> DATA TO EXAMINE:
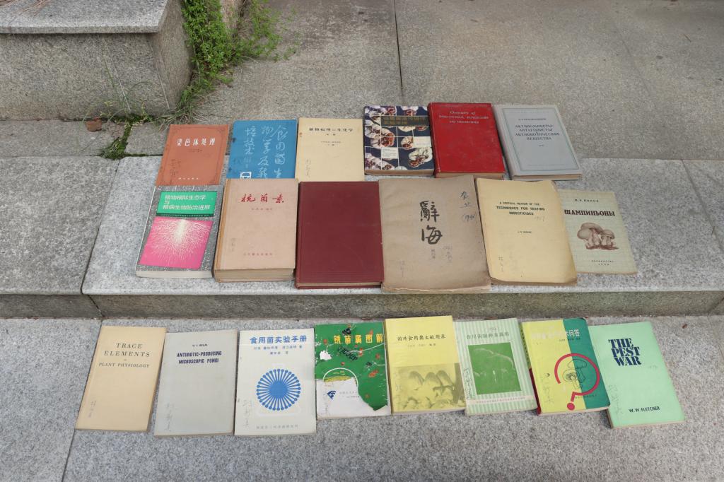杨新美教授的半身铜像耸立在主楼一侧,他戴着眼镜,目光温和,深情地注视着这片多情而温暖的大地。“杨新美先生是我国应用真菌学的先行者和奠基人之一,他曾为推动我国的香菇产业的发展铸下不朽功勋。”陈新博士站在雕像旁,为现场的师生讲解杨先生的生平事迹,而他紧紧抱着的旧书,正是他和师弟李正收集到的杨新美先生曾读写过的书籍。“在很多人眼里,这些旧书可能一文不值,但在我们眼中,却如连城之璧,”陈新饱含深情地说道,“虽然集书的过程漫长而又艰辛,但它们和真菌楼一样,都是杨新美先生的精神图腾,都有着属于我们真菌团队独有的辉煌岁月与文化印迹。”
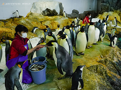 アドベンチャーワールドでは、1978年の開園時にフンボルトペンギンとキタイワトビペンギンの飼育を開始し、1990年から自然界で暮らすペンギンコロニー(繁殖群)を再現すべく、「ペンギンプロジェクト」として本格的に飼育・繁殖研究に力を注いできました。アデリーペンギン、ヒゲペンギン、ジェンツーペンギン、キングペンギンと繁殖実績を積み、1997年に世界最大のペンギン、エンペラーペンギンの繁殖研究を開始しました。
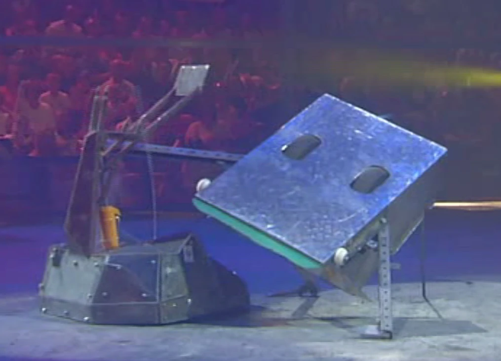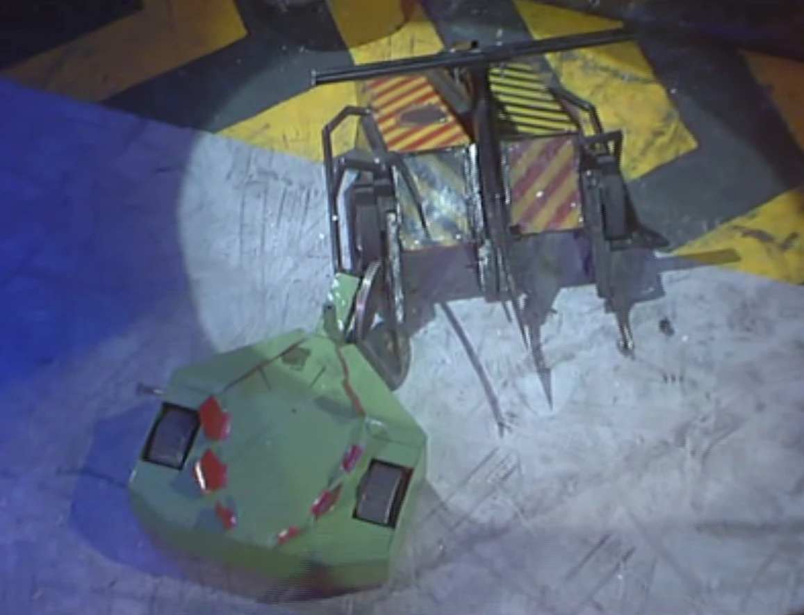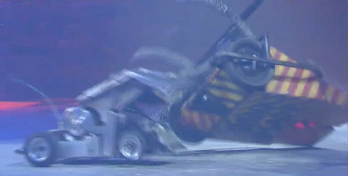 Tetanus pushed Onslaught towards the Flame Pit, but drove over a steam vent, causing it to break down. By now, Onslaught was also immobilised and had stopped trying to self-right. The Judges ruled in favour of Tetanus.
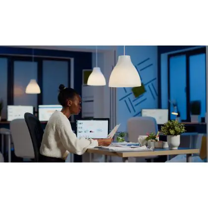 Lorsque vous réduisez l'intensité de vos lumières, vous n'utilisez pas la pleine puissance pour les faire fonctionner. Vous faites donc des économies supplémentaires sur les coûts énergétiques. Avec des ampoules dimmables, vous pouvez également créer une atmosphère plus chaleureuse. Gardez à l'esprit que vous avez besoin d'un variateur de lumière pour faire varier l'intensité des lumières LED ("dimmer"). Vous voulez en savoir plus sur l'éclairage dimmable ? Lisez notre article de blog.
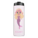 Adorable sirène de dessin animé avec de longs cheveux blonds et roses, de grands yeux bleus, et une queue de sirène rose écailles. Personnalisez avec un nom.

> PROBLEM DETAILS: Set down the entries above word for word, but drop any image.

> TASK RESPONSE:
杨新美教授的半身铜像耸立在主楼一侧,他戴着眼镜,目光温和,深情地注视着这片多情而温暖的大地。“杨新美先生是我国应用真菌学的先行者和奠基人之一,他曾为推动我国的香菇产业的发展铸下不朽功勋。”陈新博士站在雕像旁,为现场的师生讲解杨先生的生平事迹,而他紧紧抱着的旧书,正是他和师弟李正收集到的杨新美先生曾读写过的书籍。“在很多人眼里,这些旧书可能一文不值,但在我们眼中,却如连城之璧,”陈新饱含深情地说道,“虽然集书的过程漫长而又艰辛,但它们和真菌楼一样,都是杨新美先生的精神图腾,都有着属于我们真菌团队独有的辉煌岁月与文化印迹。”
 アドベンチャーワールドでは、1978年の開園時にフンボルトペンギンとキタイワトビペンギンの飼育を開始し、1990年から自然界で暮らすペンギンコロニー(繁殖群)を再現すべく、「ペンギンプロジェクト」として本格的に飼育・繁殖研究に力を注いできました。アデリーペンギン、ヒゲペンギン、ジェンツーペンギン、キングペンギンと繁殖実績を積み、1997年に世界最大のペンギン、エンペラーペンギンの繁殖研究を開始しました。
 Tetanus pushed Onslaught towards the Flame Pit, but drove over a steam vent, causing it to break down. By now, Onslaught was also immobilised and had stopped trying to self-right. The Judges ruled in favour of Tetanus.
 Lorsque vous réduisez l'intensité de vos lumières, vous n'utilisez pas la pleine puissance pour les faire fonctionner. Vous faites donc des économies supplémentaires sur les coûts énergétiques. Avec des ampoules dimmables, vous pouvez également créer une atmosphère plus chaleureuse. Gardez à l'esprit que vous avez besoin d'un variateur de lumière pour faire varier l'intensité des lumières LED ("dimmer"). Vous voulez en savoir plus sur l'éclairage dimmable ? Lisez notre article de blog.
 Adorable sirène de dessin animé avec de longs cheveux blonds et roses, de grands yeux bleus, et une queue de sirène rose écailles. Personnalisez avec un nom.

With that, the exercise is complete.